Rogers looks vaguely uncomfortable. This is not how Phil wanted this meeting to go.

“I mean, I was--I was present,” he amends, “while you were unconscious.” Strangely, he notes, it sounded less creepy in his head. “From the. Ice. You know, it’s really--just a--just an honor to--to have you on board.” He sighs. The last time Phil stuttered, he was lying to a college girl about his post-graduation plans to keep her from wanting to sleep with him again. Yes, this is certainly less than ideal.

But Rogers ducks his head and looks out at the sky and when he says, “I just hope I’m the man for the job,” it sounds like he’s actually doubting it.

“Oh, you are,” Phil says. “Absolutely.” If he’s being completely truthful, he’d say that Captain Rogers is quite possibly the _only_ man for the job. He knows that Captain America is an icon that even the least patriotic can root for, because he was and is the disenchanted American’s hero, and he knows that Steve Rogers will put himself to work even if he doubts his practical ability, because he did and does not rest until the right thing is done. If anything, just his presence so close by is sure to give Phil the strength to do whatever he has to, when the moment comes, as Phil knows it will. The propaganda-filled theme song used to make Phil feel brave enough to conquer another day at school with a homophobic bully; the hero himself can certainly make Phil feel brave enough do what needs to be done to glue the Avengers together.

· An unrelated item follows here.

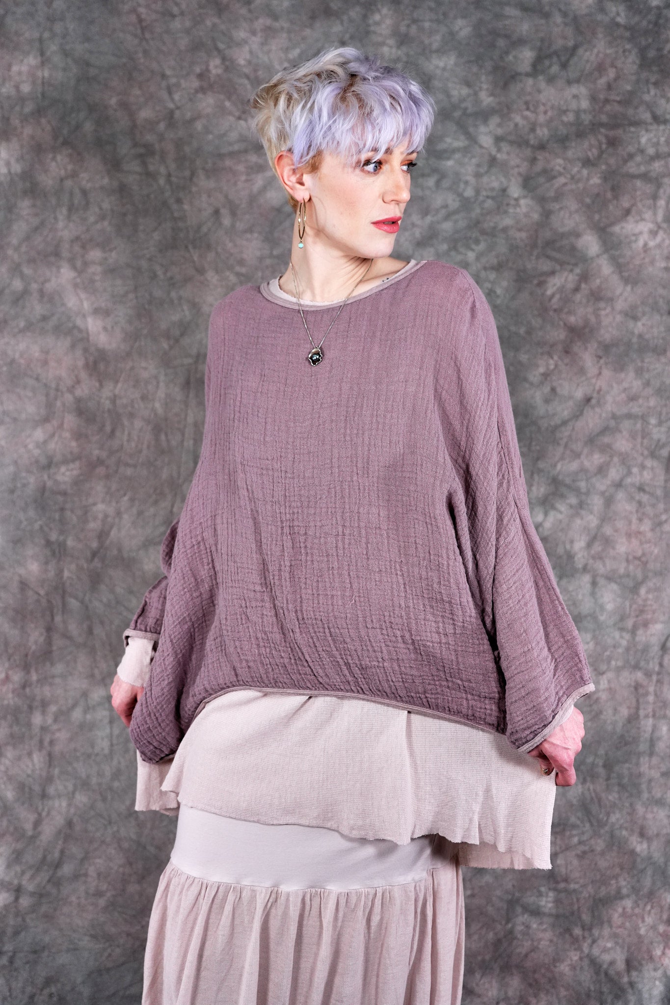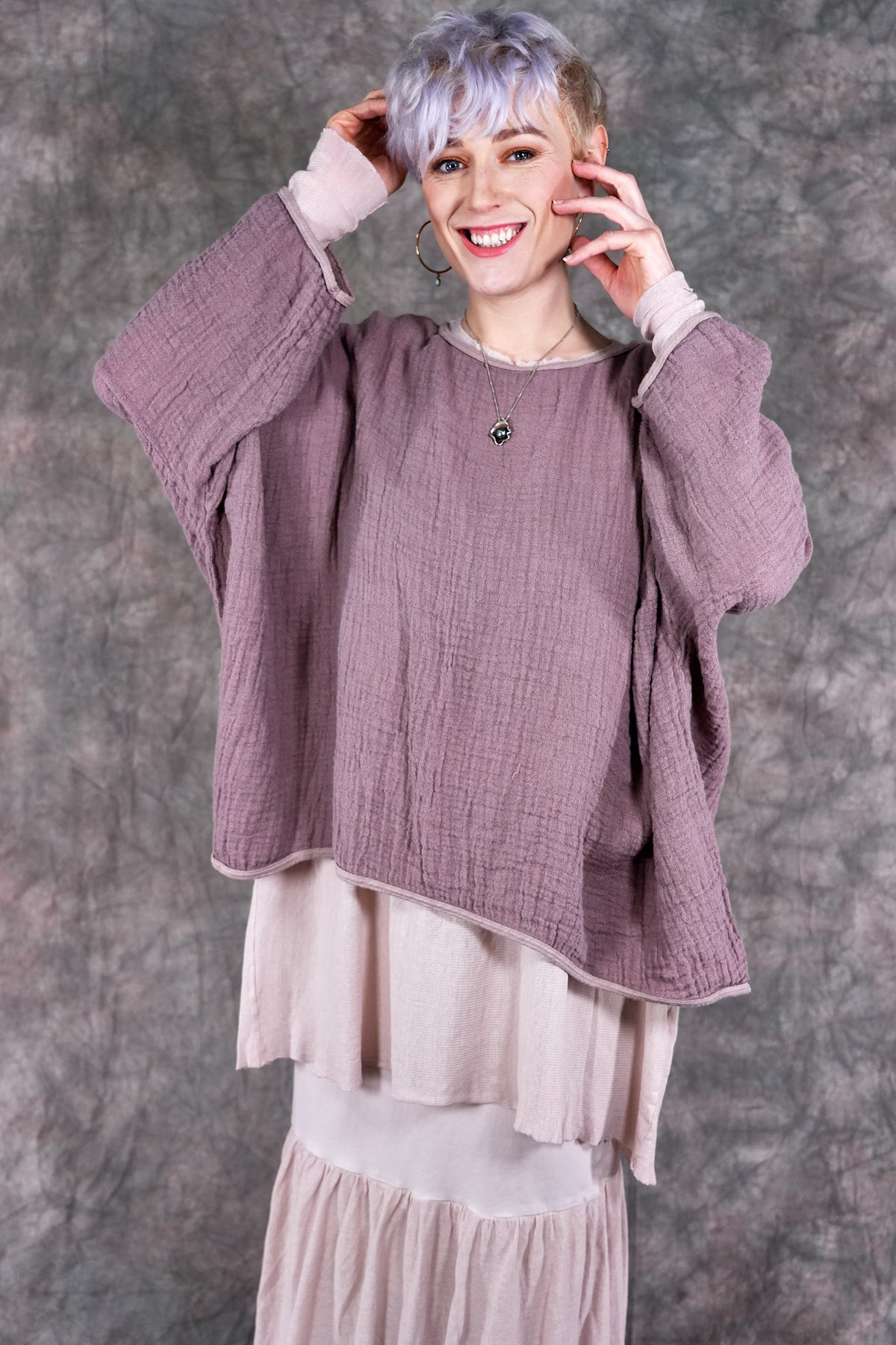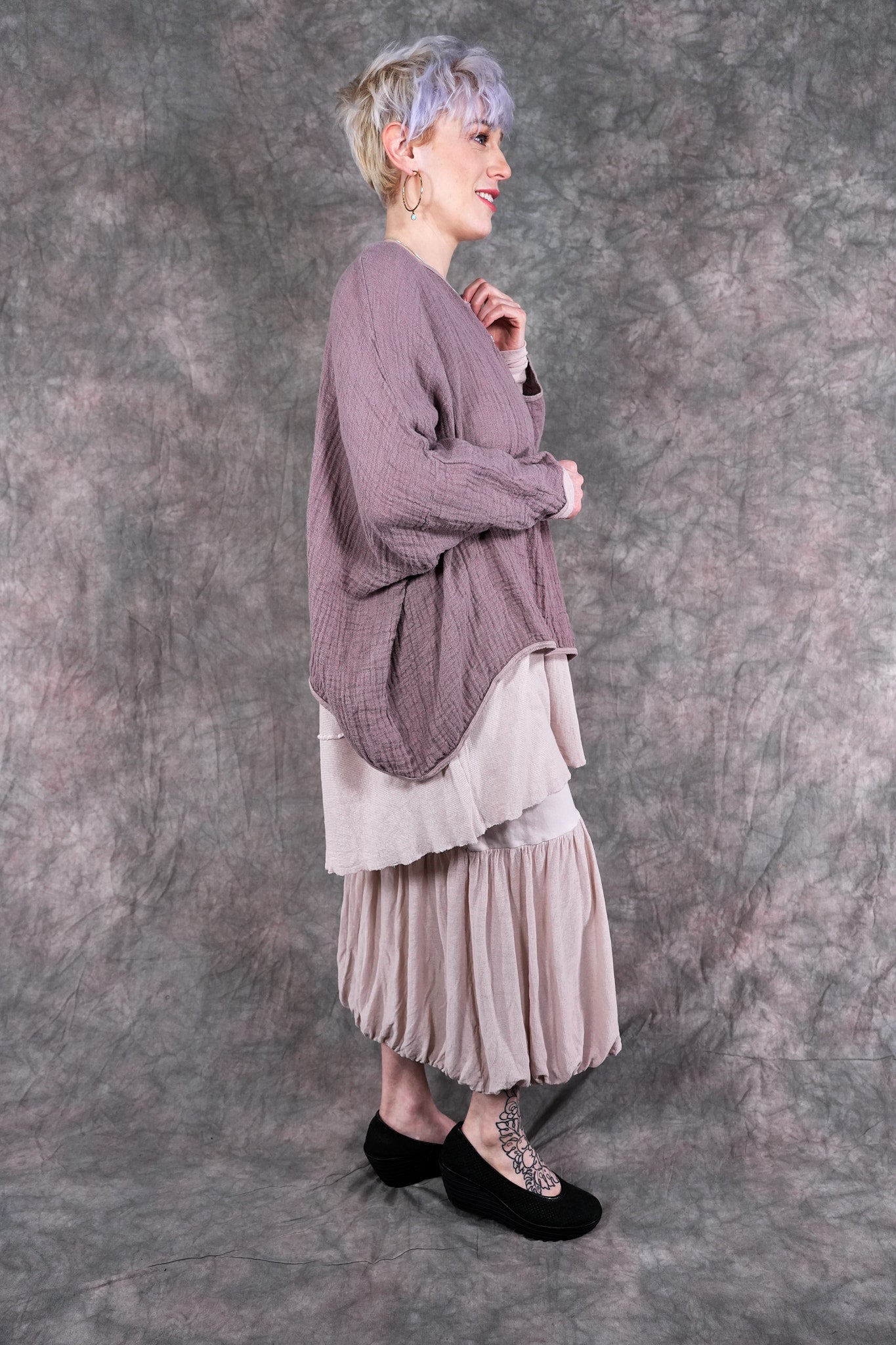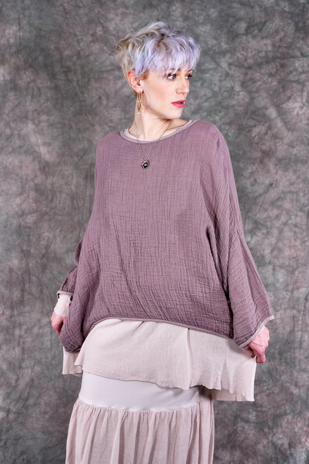 The Vintage Leaf Tee is made of 100% textured loose weave linen double gauze. It can be worn as an over piece all summer, very lightweight. Similar in shape to our mariposa but slightly cropped. Super cool worn over our #6229 Salted Shift in textured cotton, 6199 or #6199 Summer Frock as shown.

Once off the jet and on the helicarrier, he introduces Rogers to Natasha, and tries to tell her, with his eyes, not to embarrass him. 

Natasha smirks at him. 

Phil just wants to hug her.

\---

Phil listens to Dr. Banner throws out a lot of scientific terms with enviable ease and thinks, _Stark’s going to look at him like he’s Christmas_.

He considers warning Banner, but eventually decides not to bother. Anyone else would: the man’s got jumpy nerves that turn him into a very large tool of destruction. Phil knows that Banner’s also got self-control that should make every person on this helicarrier seethe with jealousy and issues about his own self-worth that something like automatic admiration from someone like Tony Stark could only improve.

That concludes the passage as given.